Exercise instructions
Stop after the line holding "To use your". Repeat exactly every line before it in the records below, that line too, and leave out the pictures.

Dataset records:
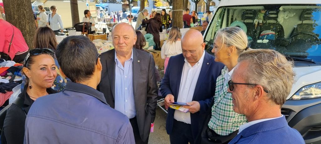 Stamattina i candidati di Forza Italia alle elezioni politiche del 25 settembre hanno fatto un giro al mercato di Pinerolo per parlare con cittadini e ambulanti.
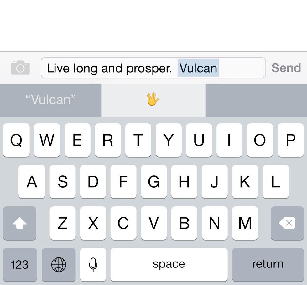 To use your new emoji shortcut in a message, start typing your shortcut's name and the 🖖 emoji will appear as recommended text and will auto-fill when you tap space or enter.
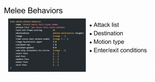 "One level up from melee attacks are melee behaviors. Each NPC can be in one melee behavior at a specific time, and a behavior contains an attack list -- a list of attacks the NPC can start from -- and also a destination, such as if an NPC wants to run up to the target or stay a certain distance away from the target," continues Chou.
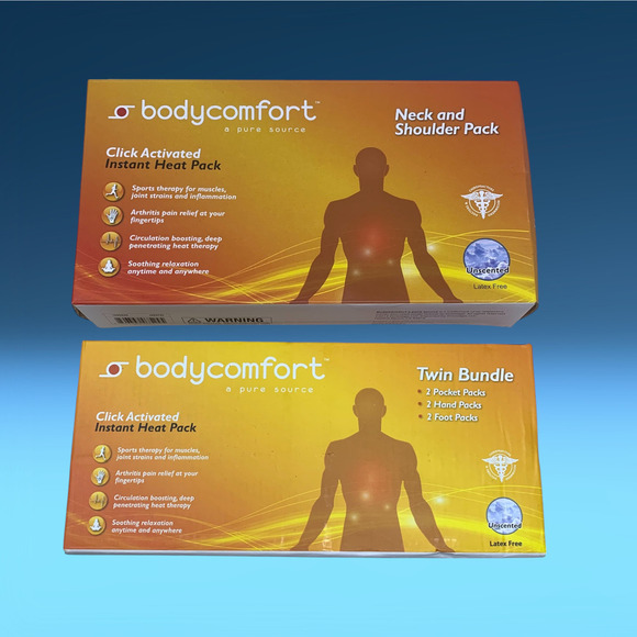 NEW Lot 2 Body Comfort Instant Therapeutic Heat Packs Twin Bundle + Neck & Shoulder SEALED
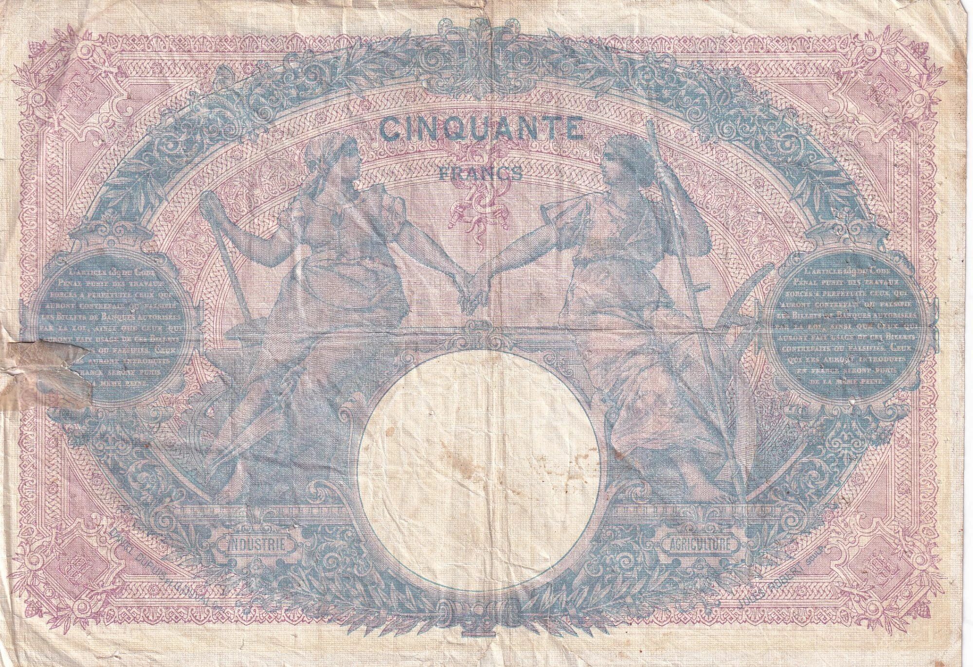 Au verso, le billet met en scène une personnification commune de l'Industrie et de l'Agriculture, représentées se tenant par la main. L'inscription "CINQUANTE FRANCS" est répétée, accompagnée des mots "INDUSTRIE" et "AGRICULTURE" séparés par une barre verticale. Comme au recto, les noms des artistes "DANIEL DUPUIS et G. DUVAL, fec. JULES ROBERT SCULP." sont également mentionnés.
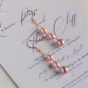 Gorgeous handmade pearl earrings featured by a row of three unique irregular genuine pinkish earrings, a unique style that would hardly be found anywhere else
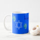 Esta caneca tem uma design de sonho Chanucá, Estrela de David, e "Feliz Chanucá" em um fundo azul. Excelente para a estação.
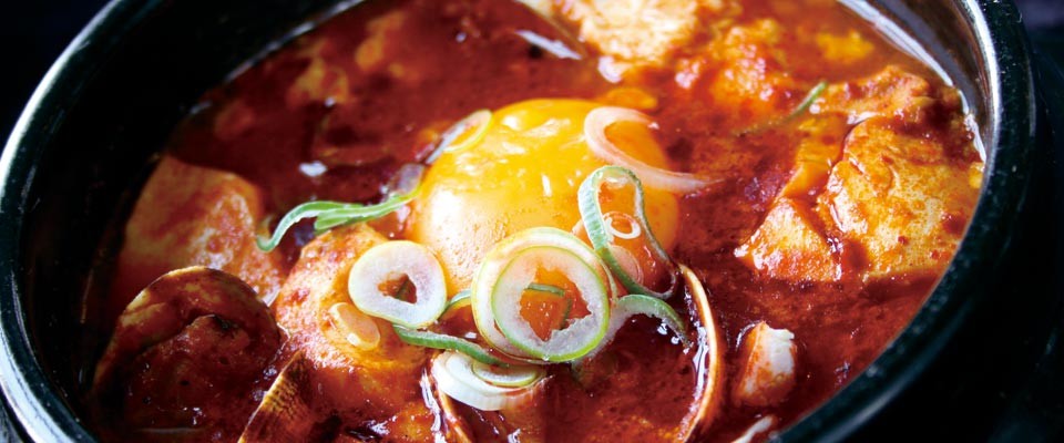「辛いけど優しい味」と評判の韓国家庭料理の専門店。石焼ビビンバやプルコギ、チャプチェ、トッポギなど、オモニ(母親)の味を存分にお楽しみいただけます。あさりのダシと唐辛子の辛みがマッチしたふわとろ豆腐の鍋・スンドゥブチゲは、不動の人気ナンバーワンメニューです。
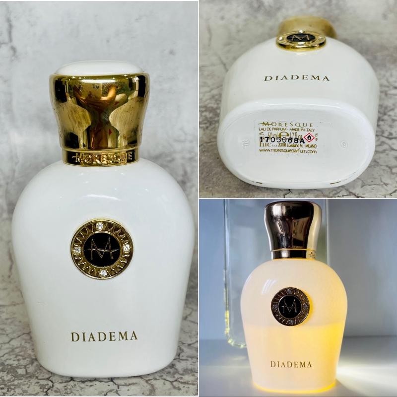 Moresque Diadema – изысканный и грациозный фруктово-цветочный унисекс парфюм с легкими гурманскими акцентами, выпущенный в 2015 году нишевым парфюмерным домом Moresque в рамках «Белой коллекции». Парфюм берет свое название от слова "диадема" - роскошного ювелирного украшения, являющегося отличительным символом суверенитета и дворянства. Этот обонятельный венец сладости и красоты в верхнем аккорде украшен вкусными фруктовыми нотами черешни, бергамота и апельсина. Украшением композиции является драгоценный цветочный аккорд из шелковисто-пряной розы и терпковато-медового жасмина, которые звучат в обрамлении сладострастного иланг-иланга. В то время как база композиции дарит очаровательный запах карамели, нежную сладость ванили и пряно-древесные акценты пачули с легким вкраплением смолистых ноток бензоина.

Answer space
 Stamattina i candidati di Forza Italia alle elezioni politiche del 25 settembre hanno fatto un giro al mercato di Pinerolo per parlare con cittadini e ambulanti.
 To use your new emoji shortcut in a message, start typing your shortcut's name and the 🖖 emoji will appear as recommended text and will auto-fill when you tap space or enter.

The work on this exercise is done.